> [Source information]
═══

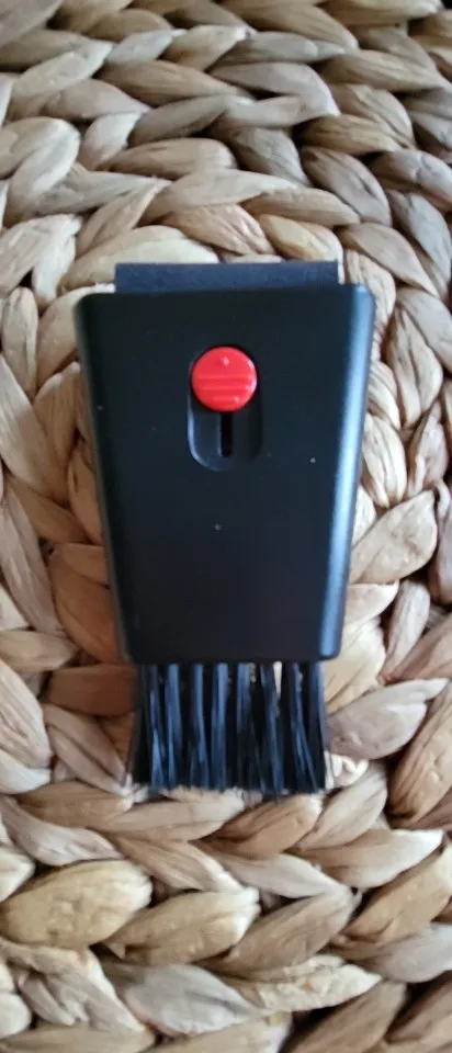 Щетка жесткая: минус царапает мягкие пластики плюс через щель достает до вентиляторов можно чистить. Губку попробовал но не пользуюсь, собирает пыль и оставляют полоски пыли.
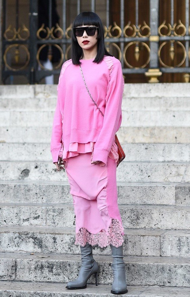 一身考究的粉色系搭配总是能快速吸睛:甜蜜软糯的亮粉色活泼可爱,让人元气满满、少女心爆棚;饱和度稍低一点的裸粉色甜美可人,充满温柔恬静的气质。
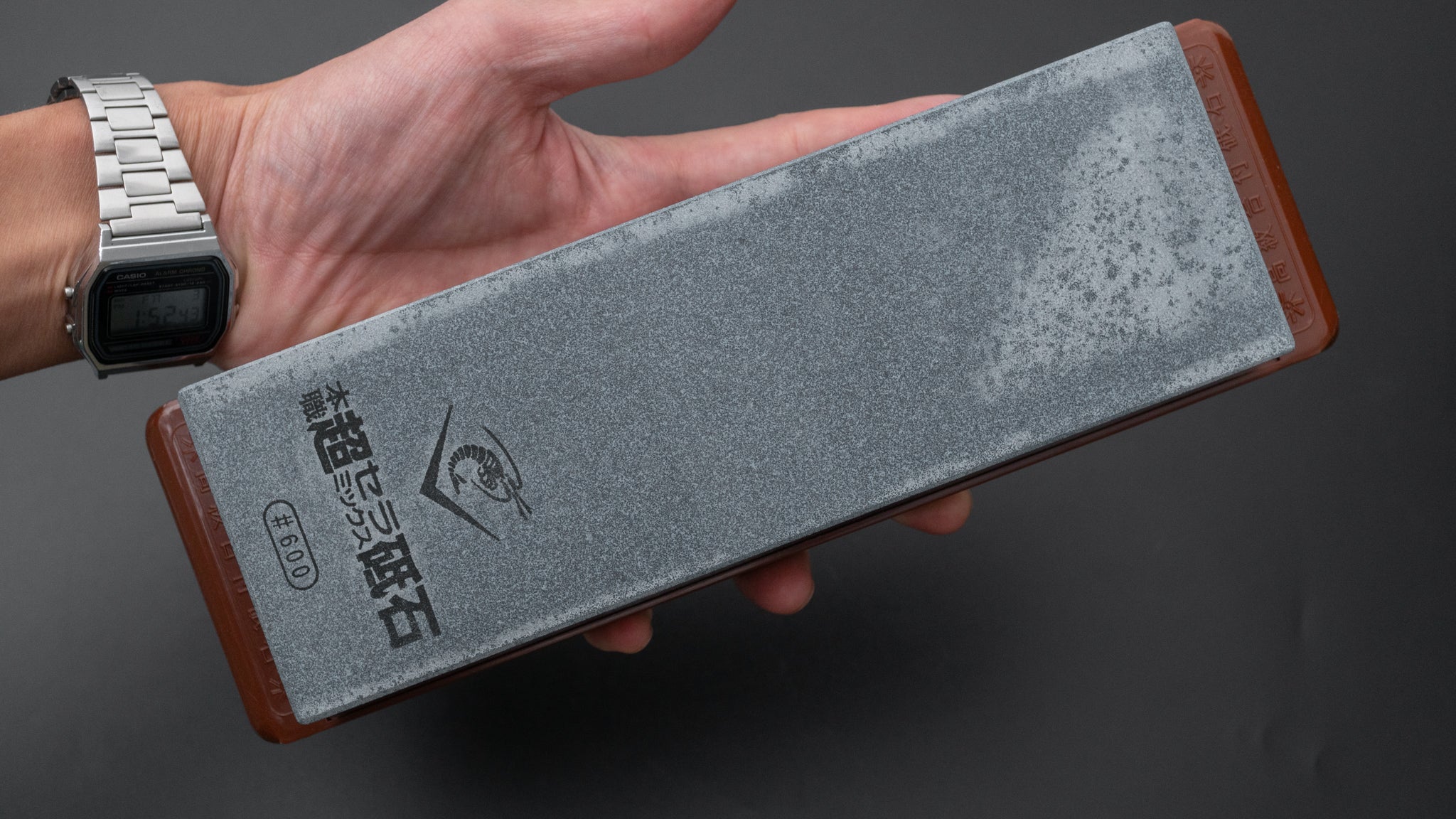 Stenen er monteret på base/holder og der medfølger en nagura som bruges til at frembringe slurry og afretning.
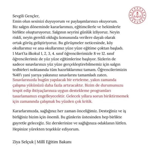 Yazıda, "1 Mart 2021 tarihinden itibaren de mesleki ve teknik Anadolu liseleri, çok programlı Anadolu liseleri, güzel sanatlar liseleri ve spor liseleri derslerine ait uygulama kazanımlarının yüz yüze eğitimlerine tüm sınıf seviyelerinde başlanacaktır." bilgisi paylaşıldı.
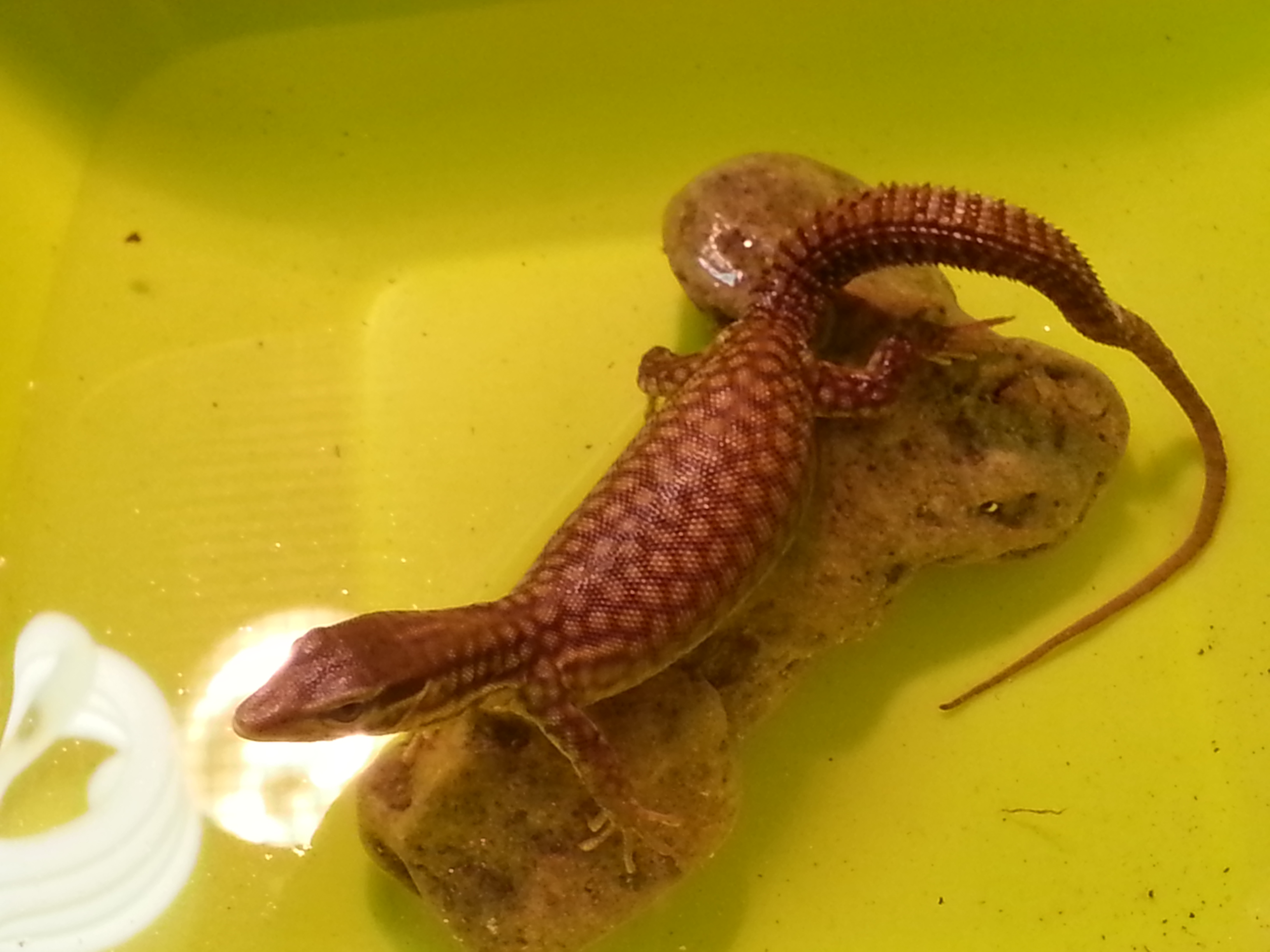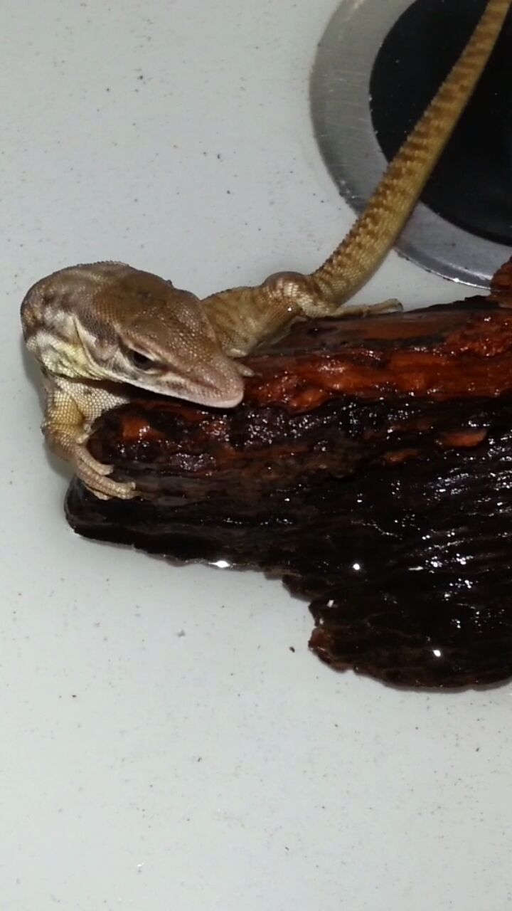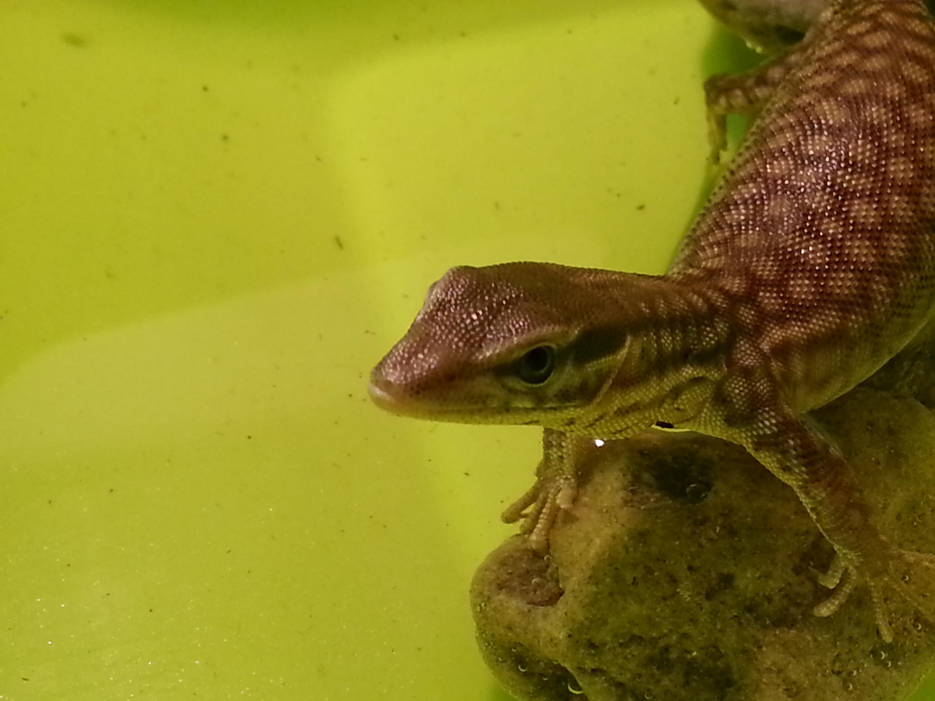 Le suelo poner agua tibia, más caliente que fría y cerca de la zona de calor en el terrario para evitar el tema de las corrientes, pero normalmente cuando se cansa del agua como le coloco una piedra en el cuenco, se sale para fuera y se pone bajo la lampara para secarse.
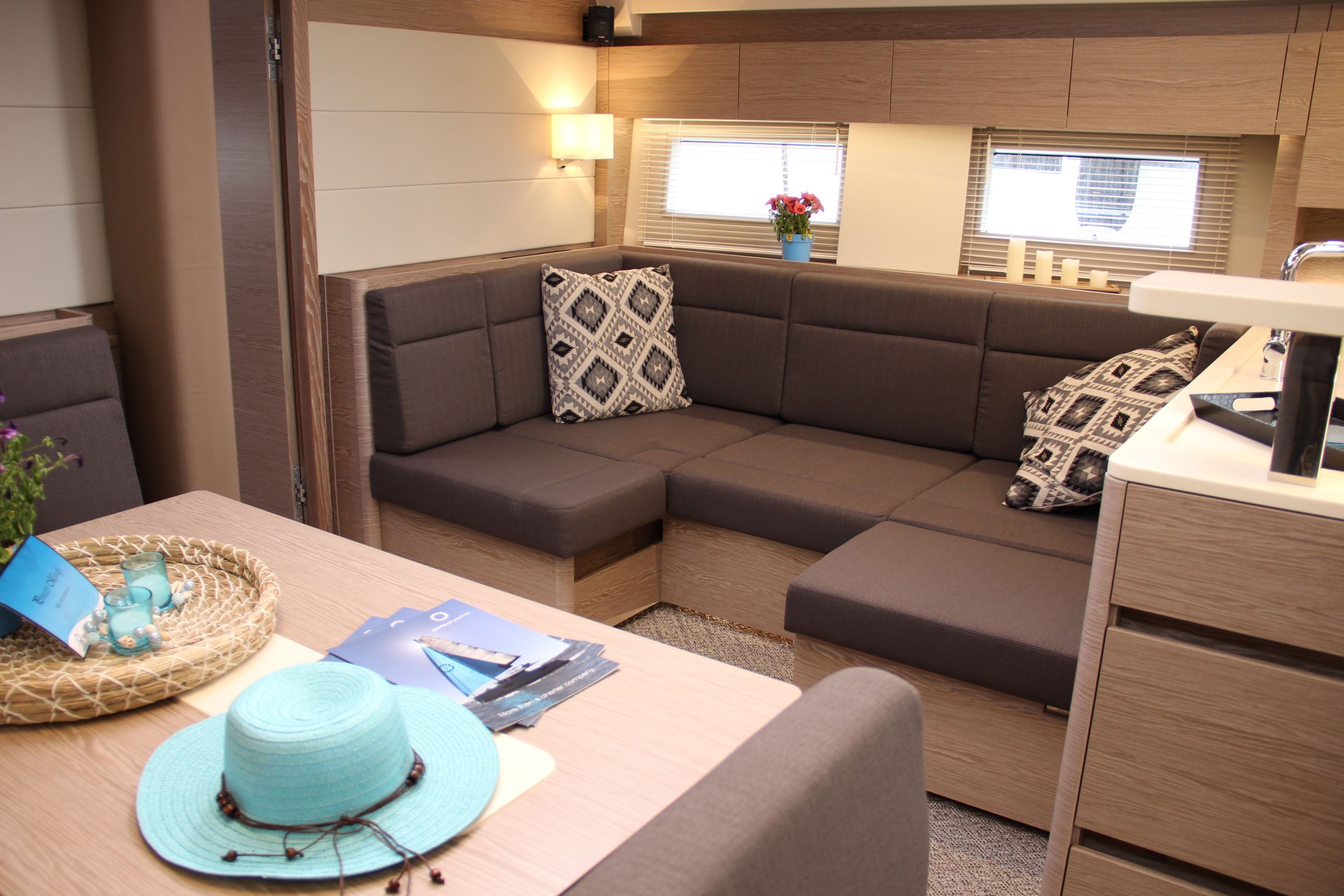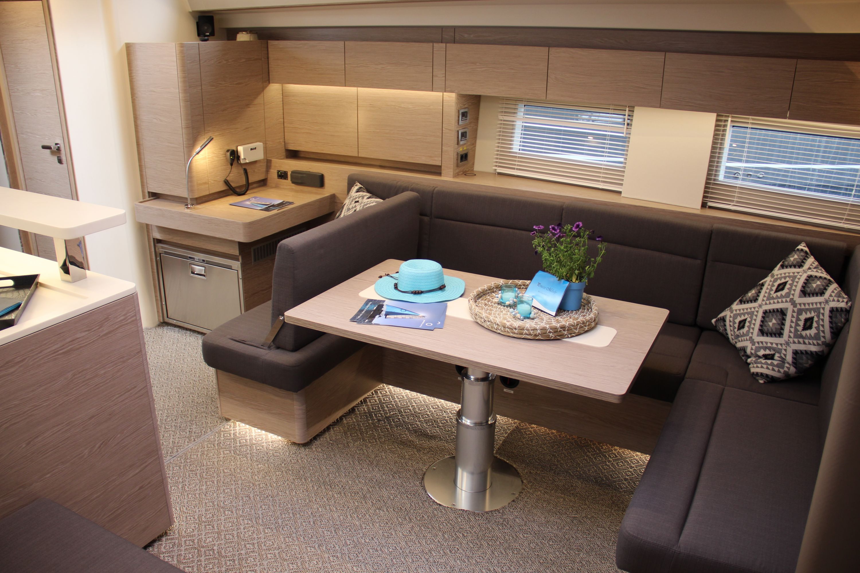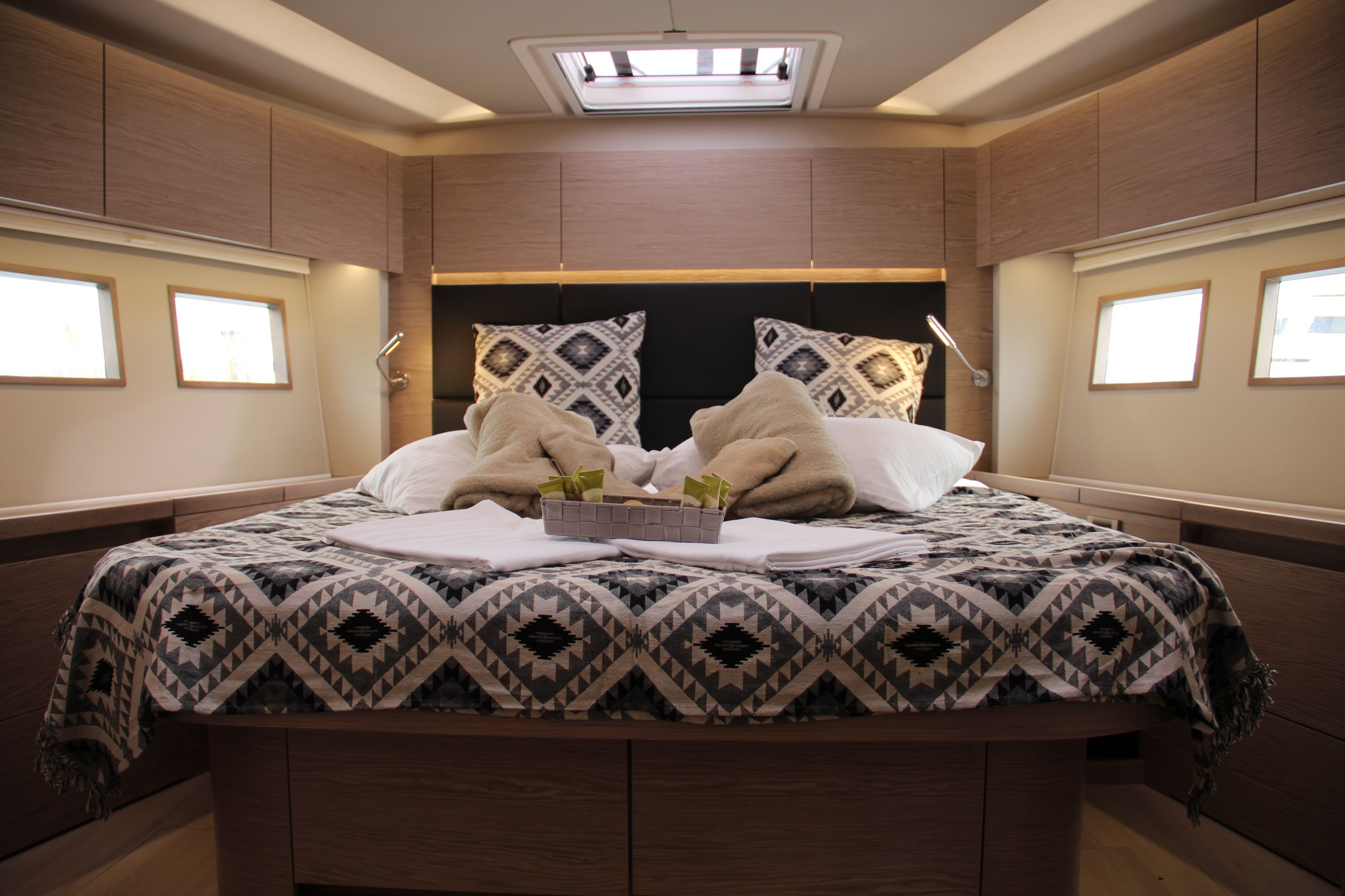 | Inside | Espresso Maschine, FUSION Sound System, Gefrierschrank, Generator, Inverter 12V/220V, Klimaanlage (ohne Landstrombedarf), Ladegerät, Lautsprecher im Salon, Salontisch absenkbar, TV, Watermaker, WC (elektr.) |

═══

> [What is needed]
Quote verbatim every line starting at the line that contains "Le suelo poner" and ending with the last line of the records; omit all pictures.

> [Response to the exercise]
 Le suelo poner agua tibia, más caliente que fría y cerca de la zona de calor en el terrario para evitar el tema de las corrientes, pero normalmente cuando se cansa del agua como le coloco una piedra en el cuenco, se sale para fuera y se pone bajo la lampara para secarse.
 | Inside | Espresso Maschine, FUSION Sound System, Gefrierschrank, Generator, Inverter 12V/220V, Klimaanlage (ohne Landstrombedarf), Ladegerät, Lautsprecher im Salon, Salontisch absenkbar, TV, Watermaker, WC (elektr.) |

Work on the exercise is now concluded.